(Saved entries)
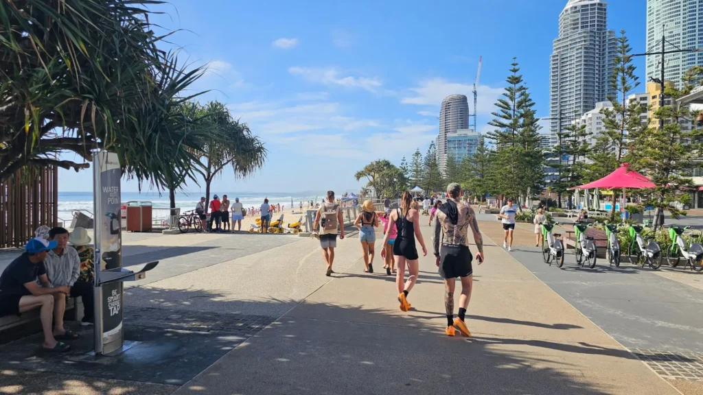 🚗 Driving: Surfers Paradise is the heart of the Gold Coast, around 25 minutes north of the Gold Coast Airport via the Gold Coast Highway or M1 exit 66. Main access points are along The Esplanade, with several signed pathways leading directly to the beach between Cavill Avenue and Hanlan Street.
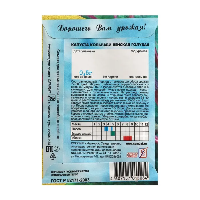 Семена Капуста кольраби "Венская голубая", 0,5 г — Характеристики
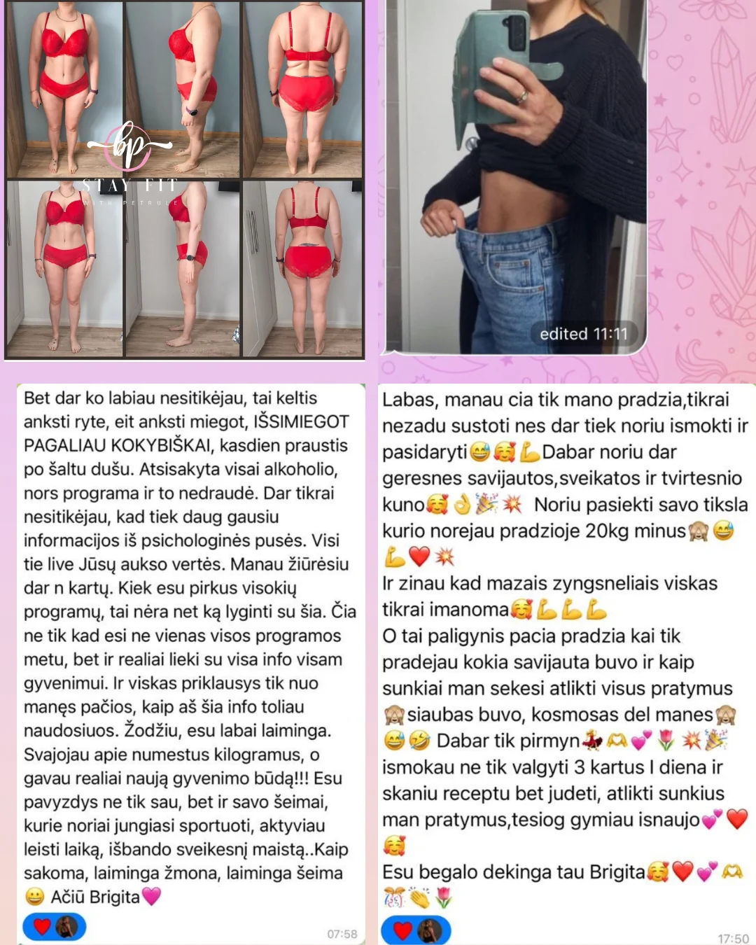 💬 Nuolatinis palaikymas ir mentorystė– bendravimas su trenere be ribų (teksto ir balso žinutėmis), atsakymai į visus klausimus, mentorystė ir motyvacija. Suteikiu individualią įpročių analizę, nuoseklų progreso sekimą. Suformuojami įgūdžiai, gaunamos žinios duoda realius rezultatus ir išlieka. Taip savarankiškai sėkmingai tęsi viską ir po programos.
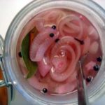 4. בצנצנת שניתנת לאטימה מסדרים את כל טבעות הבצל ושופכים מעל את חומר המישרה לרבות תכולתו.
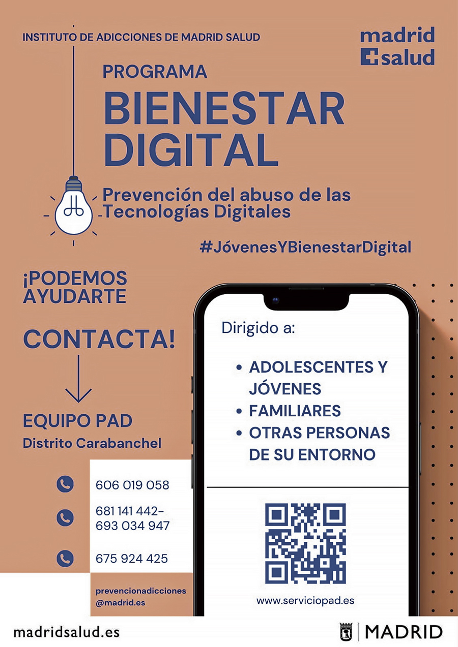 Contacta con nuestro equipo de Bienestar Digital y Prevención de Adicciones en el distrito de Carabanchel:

▸ EXERCISE AIM
Quote exactly, and only, the lines from the one containing "4. בצנצנת שניתנת" through the last line of the records above, both included; leave out any pictures.

▸ FINISHED EXERCISE
 4. בצנצנת שניתנת לאטימה מסדרים את כל טבעות הבצל ושופכים מעל את חומר המישרה לרבות תכולתו.
 Contacta con nuestro equipo de Bienestar Digital y Prevención de Adicciones en el distrito de Carabanchel:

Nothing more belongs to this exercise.